WORK REQUIRED: Beginning with the line containing "This HUB creates" and ending with the line containing "Men’s Long Sports", write out each line of the records below exactly; pictures and lines outside that range are left out.
+++ RECORDS SHOWN +++
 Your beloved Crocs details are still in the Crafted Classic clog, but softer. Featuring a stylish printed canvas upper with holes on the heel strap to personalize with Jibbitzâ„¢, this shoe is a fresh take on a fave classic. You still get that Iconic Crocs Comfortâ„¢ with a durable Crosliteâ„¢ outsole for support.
+++
+++ RECORDS SHOWN +++
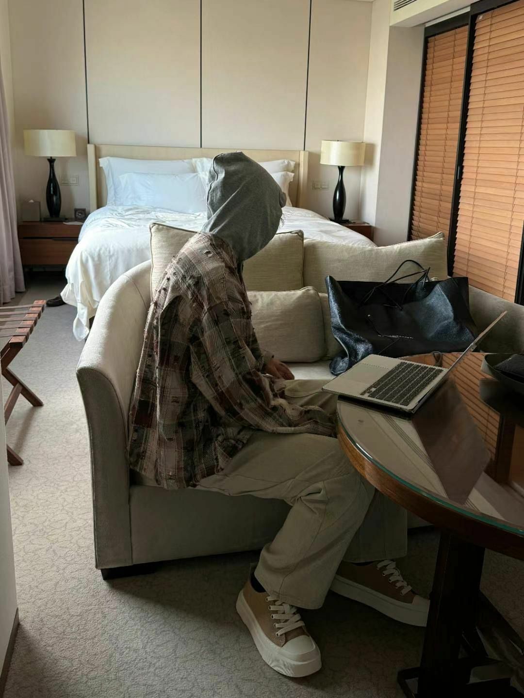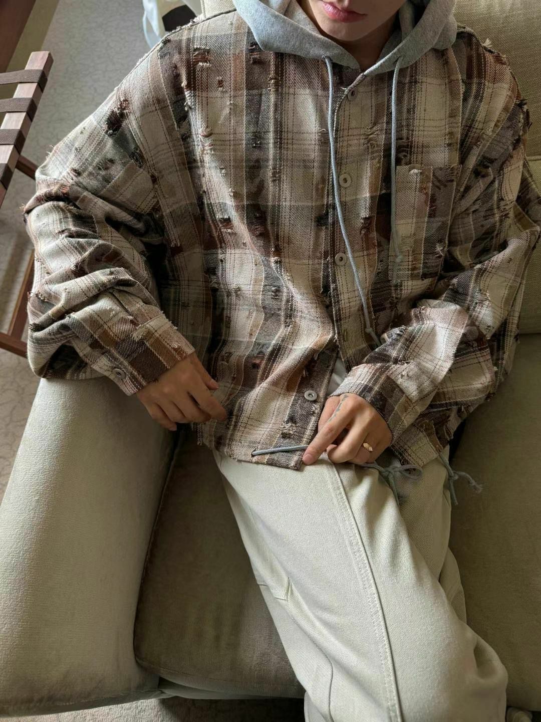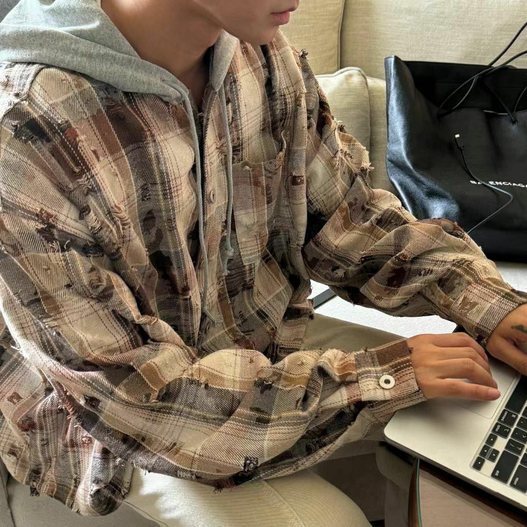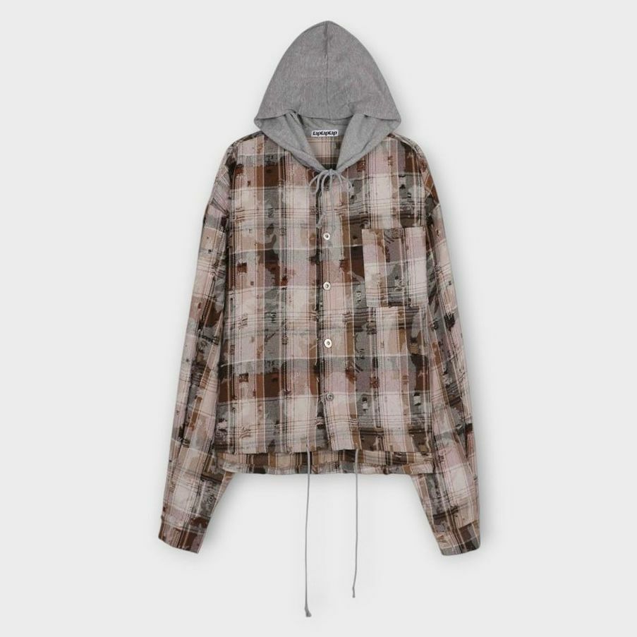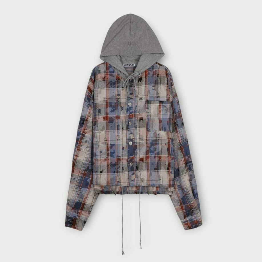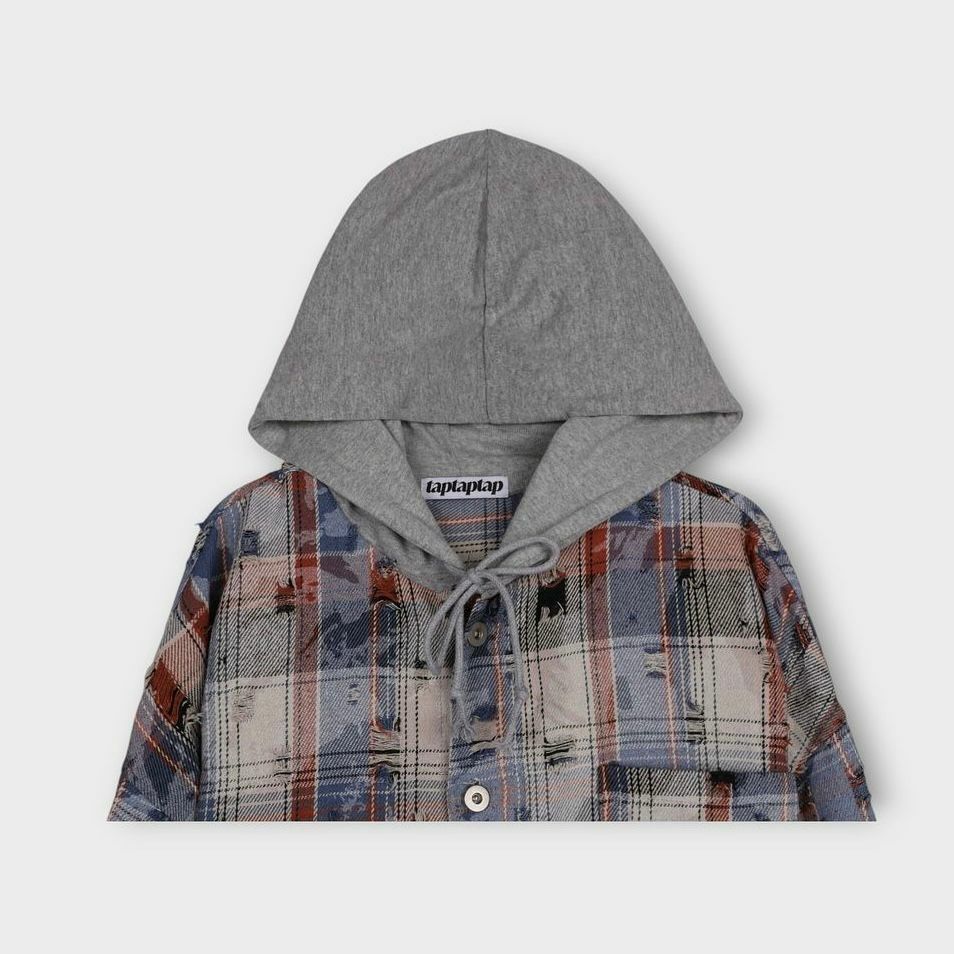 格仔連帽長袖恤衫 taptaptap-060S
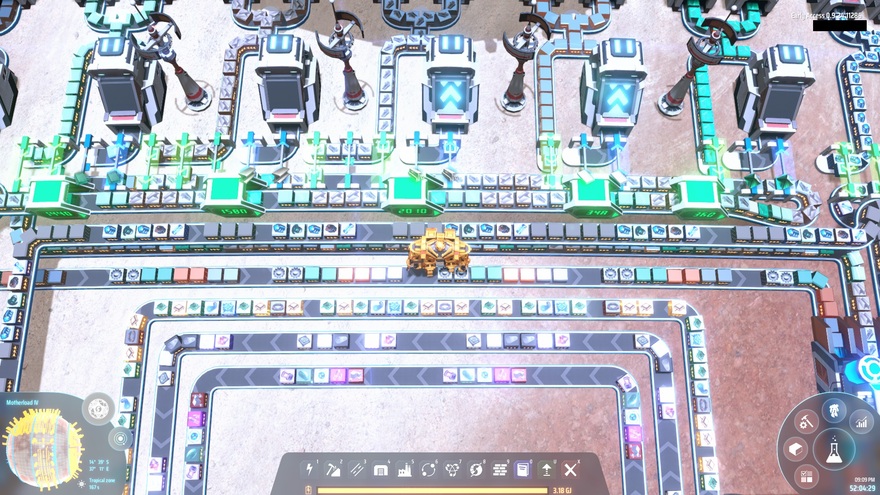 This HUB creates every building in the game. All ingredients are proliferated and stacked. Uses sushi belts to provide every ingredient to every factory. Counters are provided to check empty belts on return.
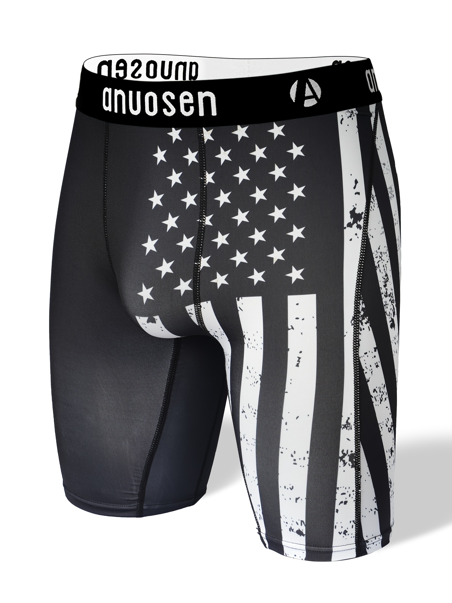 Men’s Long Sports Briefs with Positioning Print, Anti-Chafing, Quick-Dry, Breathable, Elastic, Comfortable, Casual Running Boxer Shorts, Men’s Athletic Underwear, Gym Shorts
+++
YOUR SOLUTION:
 This HUB creates every building in the game. All ingredients are proliferated and stacked. Uses sushi belts to provide every ingredient to every factory. Counters are provided to check empty belts on return.
 Men’s Long Sports Briefs with Positioning Print, Anti-Chafing, Quick-Dry, Breathable, Elastic, Comfortable, Casual Running Boxer Shorts, Men’s Athletic Underwear, Gym Shorts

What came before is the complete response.